Today is A Room of One’s Own Day it was quite ridiculous I thought if we are talking about non-communication, sectarian and this is making it worse.
But somewhere at the back of my mind a whisper emerged, remember Virginia Wolfe, and a Room of one’s own?
“my marriage is bad, I need a place where I can walk in, without questions being asked.”
“I love kids but I do not want to have kids, the pressure from my parents, and in-laws is killing me,”
‘i don’t like to cook’
“I don’t like housekeeping”
Each time these whispers gathered strength other voices drowned them with “So, Sania when do plan to settle down?”
“Indira, I don’t care if you head pepsico , we need milk in the house, and I can’t ask my son-in-law to get milk.”
“Your daughter should learn how to cook, else her husband will have trouble.”

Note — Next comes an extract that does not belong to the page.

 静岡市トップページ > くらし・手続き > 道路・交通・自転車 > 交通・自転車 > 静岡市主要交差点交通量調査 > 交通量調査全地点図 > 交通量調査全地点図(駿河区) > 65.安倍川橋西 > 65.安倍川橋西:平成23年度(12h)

“oh! Meena can focus on her career she has two maids at her beck and call”
Voices were many, shutting the door seemed a great way to keep the din, out, but what does one with suffocation of a stifled voice, one needs a room of one’s own to voice it. Virginia wolfe says any woman who wants to be a fiction writer should have a room one’s own and money, I think it goes for any woman.
No I am not being a feminist her, in the room of my own, labels are not allowed the voices you hear are voices of human beings who happen to biologically female.

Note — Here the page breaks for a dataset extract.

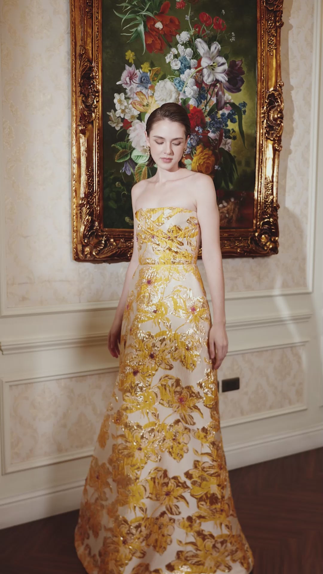 The Strapless A-line Gown in Jacquard exudes modern couture elegance. Its strapless neckline gracefully frames the shoulders, while crystal-adorned floral patterns catch light with subtle brilliance. The A-line silhouette flows effortlessly, creating a poised and sophisticated presence for refined evening occasions MATERIAL Jacquard (Silk lined) NOTE - Perfect for the following occasions: Evening Galas, Private Parties - Price does not include accessories - Dry clean only and store separately - Made in Vietnam |

Do you see this beautiful piece of decor in the other’s room, yes, the one that does the laundry, cooks, picks and drops the kids to school, and goes to work every morning at nine? Well in a Room of one’s own she morph’s she comes to her own. She is at the ledge knowing that the wings are just emerging and she is at the moment a fledging, she is poised to fly.

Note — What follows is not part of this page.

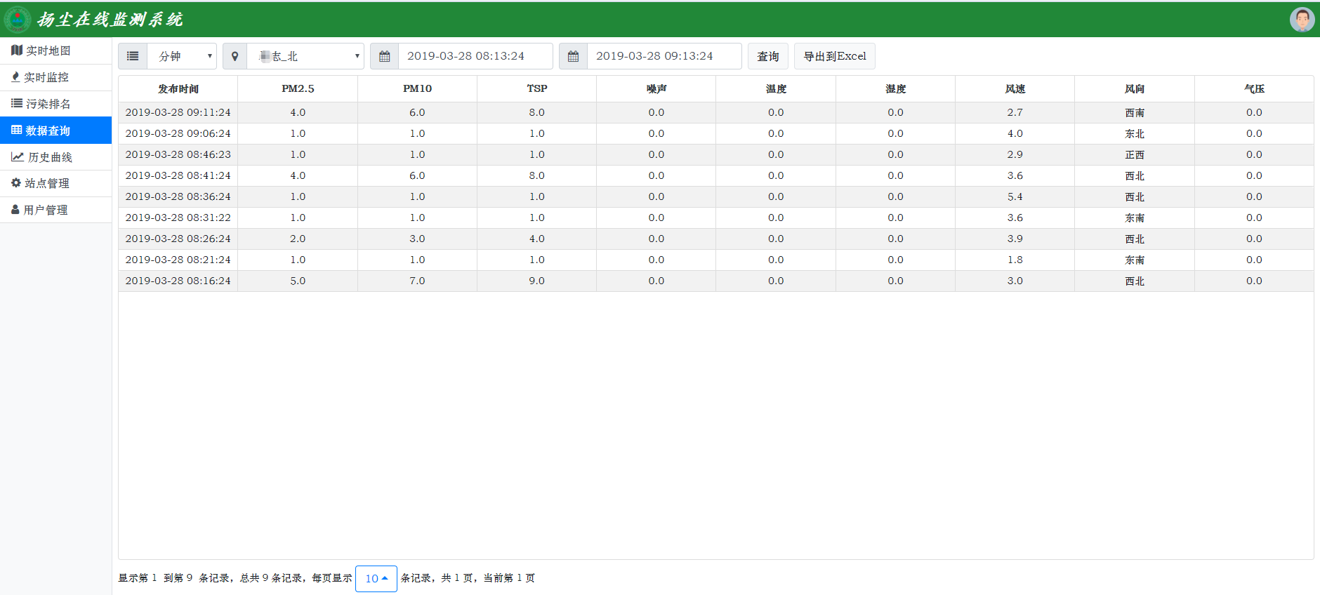 歷史數據查詢:系統提供歷史數據查詢功能,用戶通過設置時間類型、站點、查詢時間選項后,即可查看到所選擇站點的歷史數據信息,包括各項監測因子、數據更新時間等,查詢結果支持選用EXCEL文檔形式導出。

A Room of one’s own is where so many women have lived after they died and were burnt at the Ghats of Varanasi, the words that went unheard during their life time sometimes being heard like that whisper.
Some women do manage a room of one’s own where they share their narratives, with other women their daughters and their sons, the sons then take this narrative into a Room where the narrative now becomes the narrative of the son’s mother, or the man’s wife, the woman’s joy, and sorrow her triumph or failure narrated only through the narrative of the accepted.
Her truth gets washed away with laundry she does, or trapped in the dust trapped corners of the house, maybe even burns as fuel in the food she cooks.
A Room of one’s own…. I am still looking for it.
Well said – the women’s joy & sorrow, failure & triumph narrated only through the narrative of the accepted.